Output each line of the listing exactly, though pictures are not to appear.

Start of Provided data

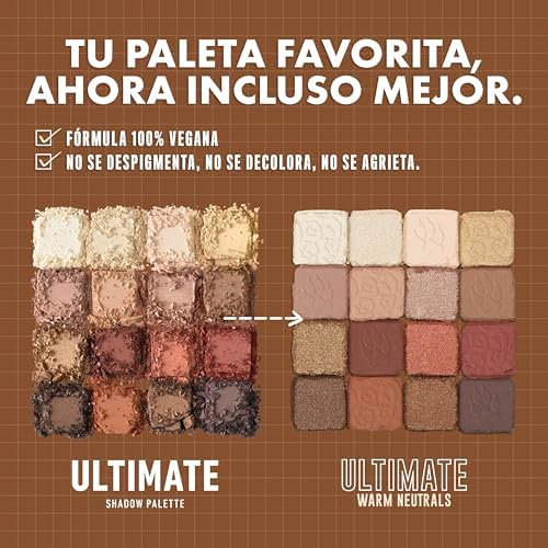 Contenido: 1x NYX Professional Makeup Paleta de Sombras de Ojos Ultimate Shadow Palette, 16 sombras ultra-pigmentada, Larga duración, Fórmula Vegana, Warm Neutrals
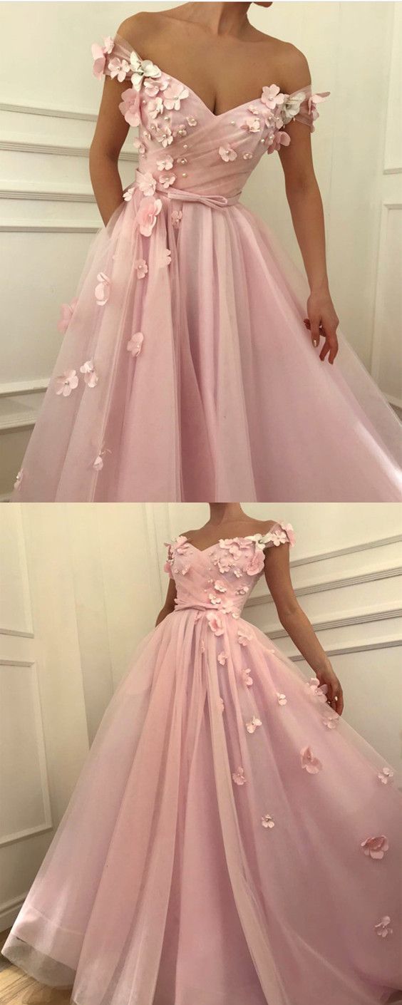 Pretty pink tulle long prom dresses v-neck off the shoulder evening gowns with flowers beaded by prom dresses
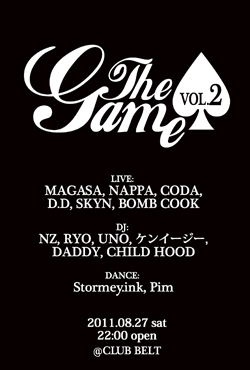 今週末8/27(土)‼ DJ NZによる新イベント[The Game] 今回2回目です! クラブ好きからHIPHOP好きまで年齢層も若手から玄人まで幅広く楽しめる空間作りを念頭に展開していきます‼ [The Game] *偶数月第四土曜日開催 22:00 OPEN [LIVE] MAGASA NAPPA CODA D.D SKYN BOMB COOK [DJ] NZ R.Y.O. UNO ケンイージー DADDY CHILD HOOD [Dance] Stormey.ink Pim メッセージ頂ければゲストお取りしますので、気軽にどうぞ! 皆様と一緒に楽しめたらと思います‼ よろしくお願いします!

End of Provided data

### Exercise response
 Contenido: 1x NYX Professional Makeup Paleta de Sombras de Ojos Ultimate Shadow Palette, 16 sombras ultra-pigmentada, Larga duración, Fórmula Vegana, Warm Neutrals
 Pretty pink tulle long prom dresses v-neck off the shoulder evening gowns with flowers beaded by prom dresses
 今週末8/27(土)‼ DJ NZによる新イベント[The Game] 今回2回目です! クラブ好きからHIPHOP好きまで年齢層も若手から玄人まで幅広く楽しめる空間作りを念頭に展開していきます‼ [The Game] *偶数月第四土曜日開催 22:00 OPEN [LIVE] MAGASA NAPPA CODA D.D SKYN BOMB COOK [DJ] NZ R.Y.O. UNO ケンイージー DADDY CHILD HOOD [Dance] Stormey.ink Pim メッセージ頂ければゲストお取りしますので、気軽にどうぞ! 皆様と一緒に楽しめたらと思います‼ よろしくお願いします!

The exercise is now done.